=== GIVEN MATERIAL ===

------------

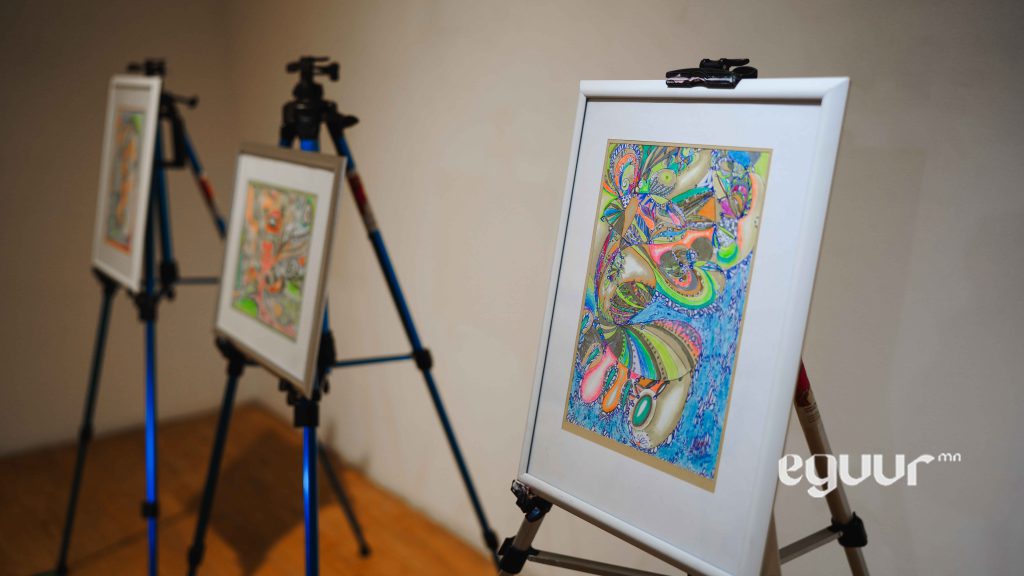 -Чамаас бас нэг өнгө ялгарч байна. Тэнд зогсож байгаа залуугаас бас өнгө ялгарч байгааг би олж хардаг. Би хүний сэтгэлийг маш их хардаг. Тэдгээр хүмүүсийн сэтгэлээр дамжиж бүтээлийн санаа орж ирдэг. Сэтгэлээс гардаг болохоор миний уран бүтээлд ганц зорилго байдаг. Үзэсгэлэнг маань үзсэн хүмүүс жаахан ч гэсэн сэтгэлийн гэгээ, аж жаргалыг мэдрэх.
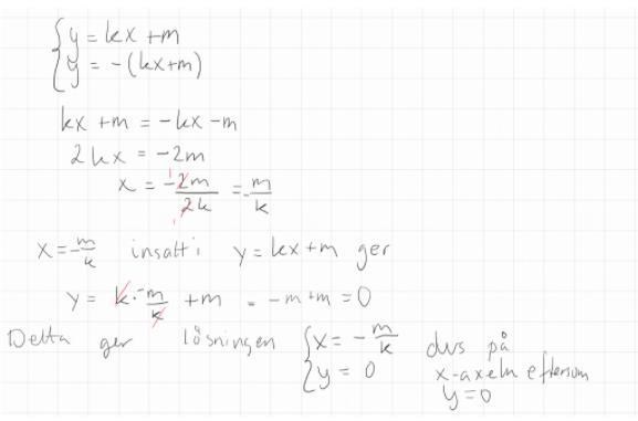 Men det är väl en trivial lösning, alla linjer skär väl varandra om k=m=0. Jag tror man endast bryr sig om lösningen då y=0 och k och m är okända.
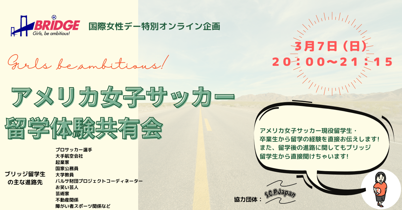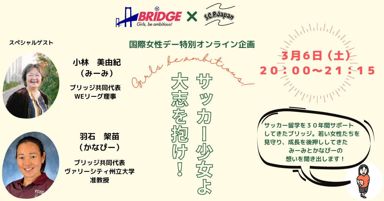 1日目の3月6日(土)は女子サッカーブリッジの共同代表のお二人にゲストとしてご参加いただき、お話を聞かせていただきます!(詳細は下記のリンクよりご確認ください)
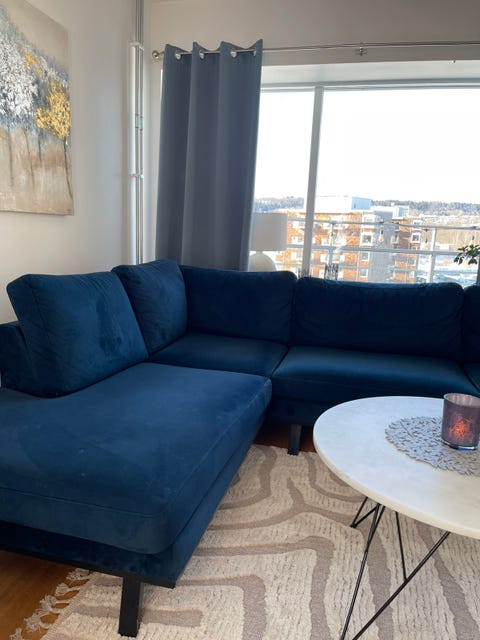 Hörnsoffa + fåtölj i blå sammet

------------

=== HOW TO COMPLETE THIS TASK ===
All that is needed here is the run of lines from the one containing "Men det är väl" through the end of the material above, reproduced exactly and without pictures.

=== COMPLETED EXERCISE ===
 Men det är väl en trivial lösning, alla linjer skär väl varandra om k=m=0. Jag tror man endast bryr sig om lösningen då y=0 och k och m är okända.
 1日目の3月6日(土)は女子サッカーブリッジの共同代表のお二人にゲストとしてご参加いただき、お話を聞かせていただきます!(詳細は下記のリンクよりご確認ください)
 Hörnsoffa + fåtölj i blå sammet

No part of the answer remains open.